## [THE PROBLEM]
Without any images, write the data out exactly as it appears.
SOURCE MATERIAL below:
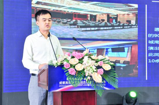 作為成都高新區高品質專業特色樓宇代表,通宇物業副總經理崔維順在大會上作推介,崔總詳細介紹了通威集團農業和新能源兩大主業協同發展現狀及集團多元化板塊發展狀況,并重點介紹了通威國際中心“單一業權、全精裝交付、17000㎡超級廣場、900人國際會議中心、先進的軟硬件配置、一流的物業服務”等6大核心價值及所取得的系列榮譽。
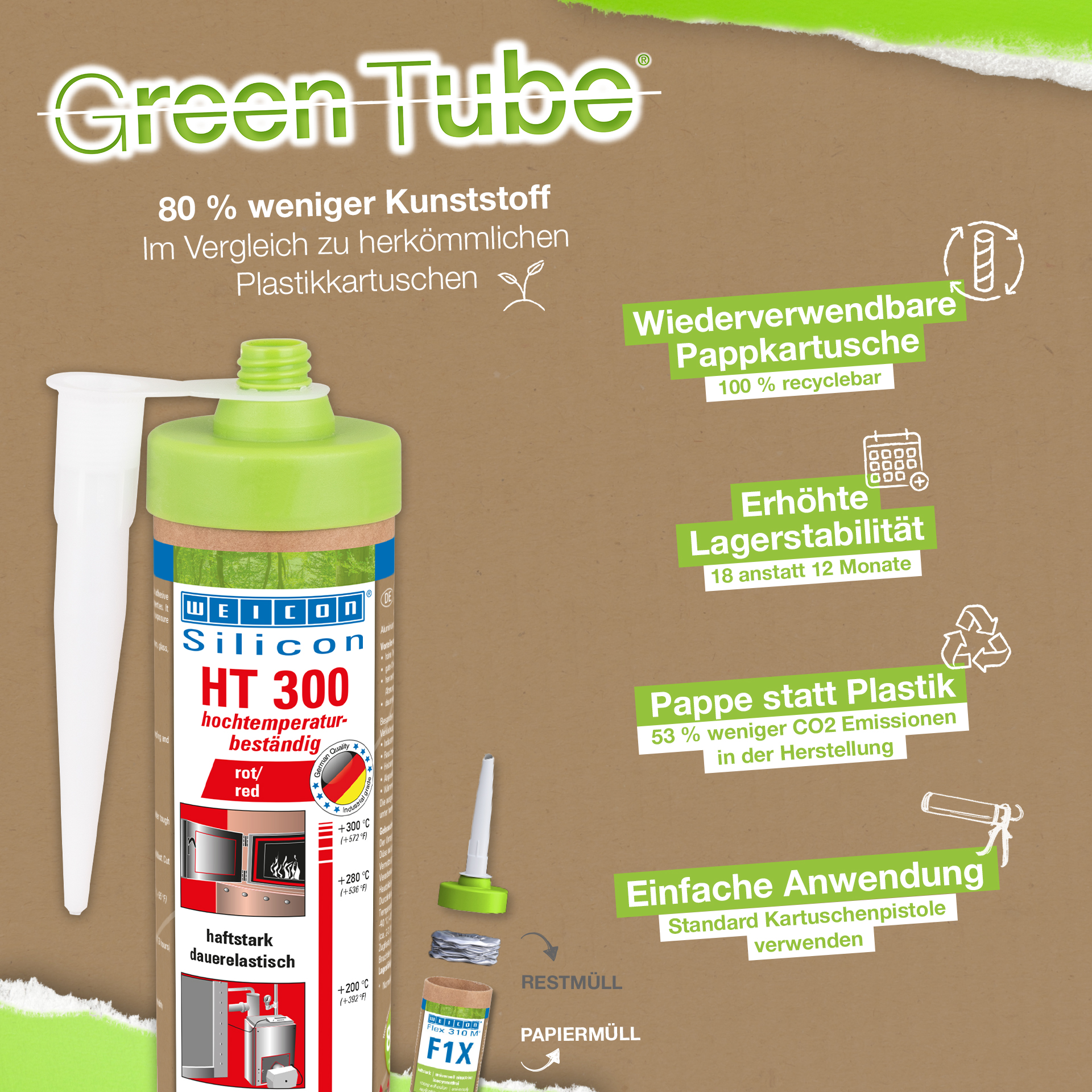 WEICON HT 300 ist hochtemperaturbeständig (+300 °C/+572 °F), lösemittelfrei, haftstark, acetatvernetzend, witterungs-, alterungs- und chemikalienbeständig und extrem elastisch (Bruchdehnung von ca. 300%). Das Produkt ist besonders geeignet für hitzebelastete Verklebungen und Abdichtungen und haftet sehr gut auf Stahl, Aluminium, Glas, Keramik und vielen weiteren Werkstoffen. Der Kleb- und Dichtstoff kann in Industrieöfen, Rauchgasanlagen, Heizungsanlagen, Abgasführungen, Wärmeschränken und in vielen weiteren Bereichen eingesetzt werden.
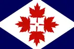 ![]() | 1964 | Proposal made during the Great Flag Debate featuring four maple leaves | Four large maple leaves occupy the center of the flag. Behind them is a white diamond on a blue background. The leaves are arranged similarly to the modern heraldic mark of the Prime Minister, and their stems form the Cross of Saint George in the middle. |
End of SOURCE MATERIAL.
## [TASK RESULT]
 作為成都高新區高品質專業特色樓宇代表,通宇物業副總經理崔維順在大會上作推介,崔總詳細介紹了通威集團農業和新能源兩大主業協同發展現狀及集團多元化板塊發展狀況,并重點介紹了通威國際中心“單一業權、全精裝交付、17000㎡超級廣場、900人國際會議中心、先進的軟硬件配置、一流的物業服務”等6大核心價值及所取得的系列榮譽。
 WEICON HT 300 ist hochtemperaturbeständig (+300 °C/+572 °F), lösemittelfrei, haftstark, acetatvernetzend, witterungs-, alterungs- und chemikalienbeständig und extrem elastisch (Bruchdehnung von ca. 300%). Das Produkt ist besonders geeignet für hitzebelastete Verklebungen und Abdichtungen und haftet sehr gut auf Stahl, Aluminium, Glas, Keramik und vielen weiteren Werkstoffen. Der Kleb- und Dichtstoff kann in Industrieöfen, Rauchgasanlagen, Heizungsanlagen, Abgasführungen, Wärmeschränken und in vielen weiteren Bereichen eingesetzt werden.
 ![]() | 1964 | Proposal made during the Great Flag Debate featuring four maple leaves | Four large maple leaves occupy the center of the flag. Behind them is a white diamond on a blue background. The leaves are arranged similarly to the modern heraldic mark of the Prime Minister, and their stems form the Cross of Saint George in the middle. |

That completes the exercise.